The Sub Coronr or Lockman for not doing his Duty fforfeits iiijs to the Lord and being not able to pay it. The Coronr is to pay it for him

At Kirk Santan:

The Deemster of Man gives for law that because William McHuggin sub coroner did not arrest William McWhayn and others, for the purpose of preserving the Peace, at a time when he was sub-coroner according as the Law demands and requires, the aforesaid sub-coroner forfeits 60sh to the Lord if he has it in goods and chattels; and if the aforesaid sub-coroner has not sufficient to pay the said amount that then Patrick McKelly, Coroner of his Sheading, must give satisfaction to the said Lord for his said servant.


Swearing on the Grave of a Deceadt with iiij wittnesses to prove a Bargaine

The Prioress of Douglas complains of Donald McKenlaky because he unjustly took a part of the millstones valued at 20sh. from the mill of the said Prioress. Who came and alleges that Simon McKey had covenanted for it and that the said Simon is dead as was testified in that Court. It is therefore decided by the Judge that on the third day he [Donald McKenlaky] place himself on the grave of the said Simon in the presence of four good and lawful men for the purpose of proving his bargain ; at which time he came with four good and lawfull men and proved the bargain by which the said Simon handed over the said millstone to him ; therefore it is decided by the Court that the case be dismissed, etc., and the said Prioress in fine for her unjust complaint.


The modern Equivalent of Names still in use.

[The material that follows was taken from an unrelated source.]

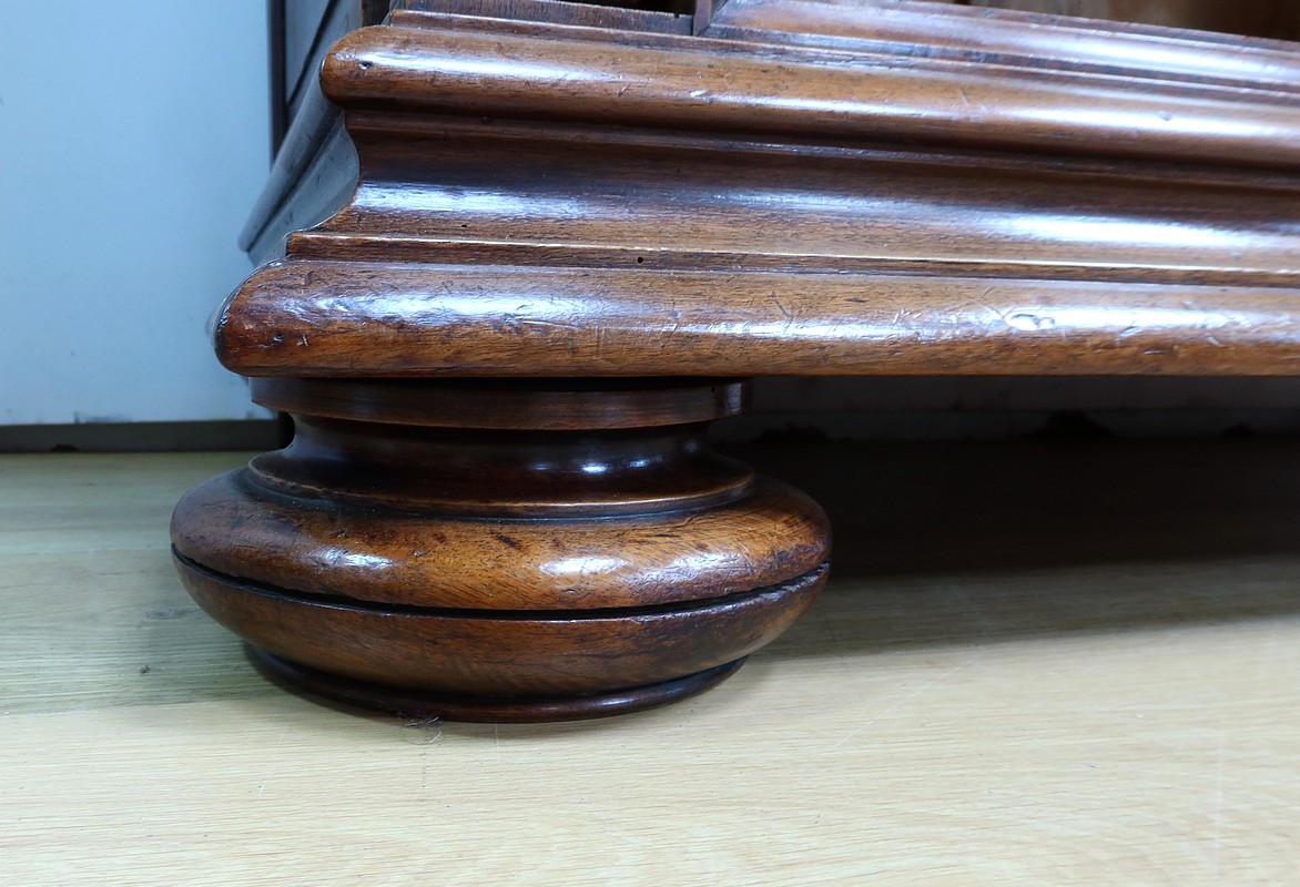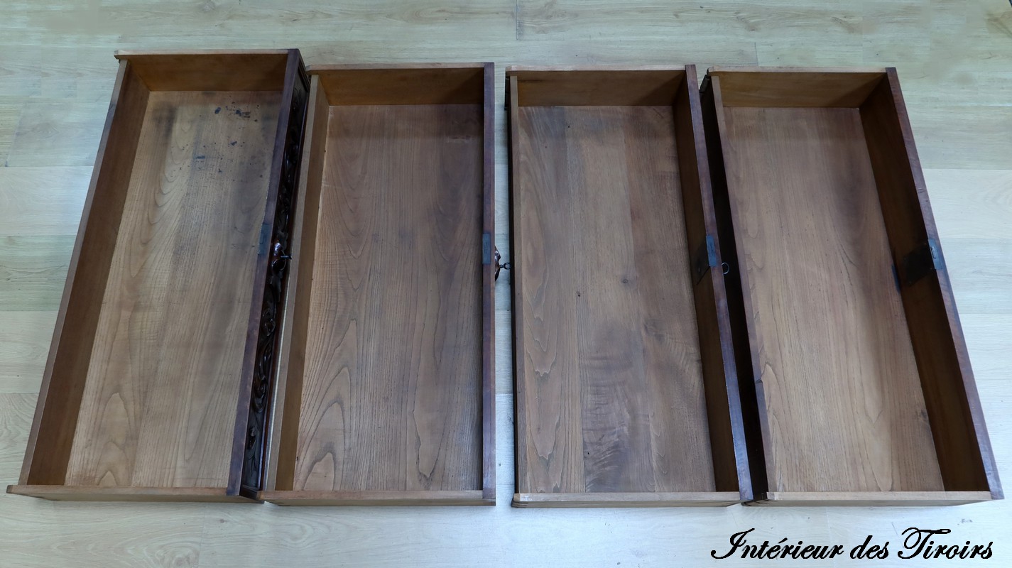Les façades des tiroirs sont intégralement moulurées de rinceaux et de volutes avec des entrées en bois, ajoutant une touche de sophistication à l’ensemble.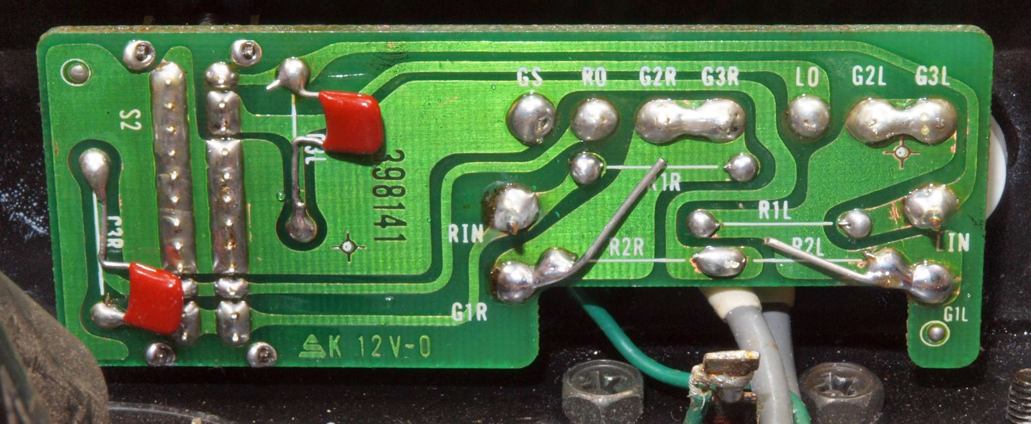 | C6A. 修理(半田補正)後 RCA端子基板裏 半田を全部やり直す フイルムコンデンサー2個増設 |

(supplied by Mr. D. Craine, MA.)
McCray (Mac Raith, ‘ son of Rath ‘) : Crye.
Caleaghony (‘ servant of the church ‘) : McCorward’s mother’s Christian name.
McClery (Mac y chleree ‘ son of the clerk ‘) : Clarke.
Thurmot Begg ne Clery (‘ little Thurmot the Clerk ‘) : Clarke.
McCasemond (‘ son of Asmundr ‘) : Casement.
Mcffayle (‘ son of Paul ‘) : Quayle.
Gilbrid (‘ devotee of Brigid ‘) : Bridson.
Mc a gelling (‘ descendant of Gealan ‘) : Gelling.
McGilbane (‘ ~ of the fairhaired youth ‘) : White. McKey, McWhay (‘ MacAodh, son of fire ‘) : Kee and Kaye.
Lucason (‘ son of Luke ‘) : Clucas.
Yne MacLony (‘ daughter of the son of Loney’): Lewney and Looney.
McHugin : Hudgeon.
McWanty ( ‘ son of Bondi ‘) : Vondy.
Wauterson ( ‘ son of Walter ‘ ) : Watterson.
MWhayn (MacDowan ‘ son of Black ‘) : Quane.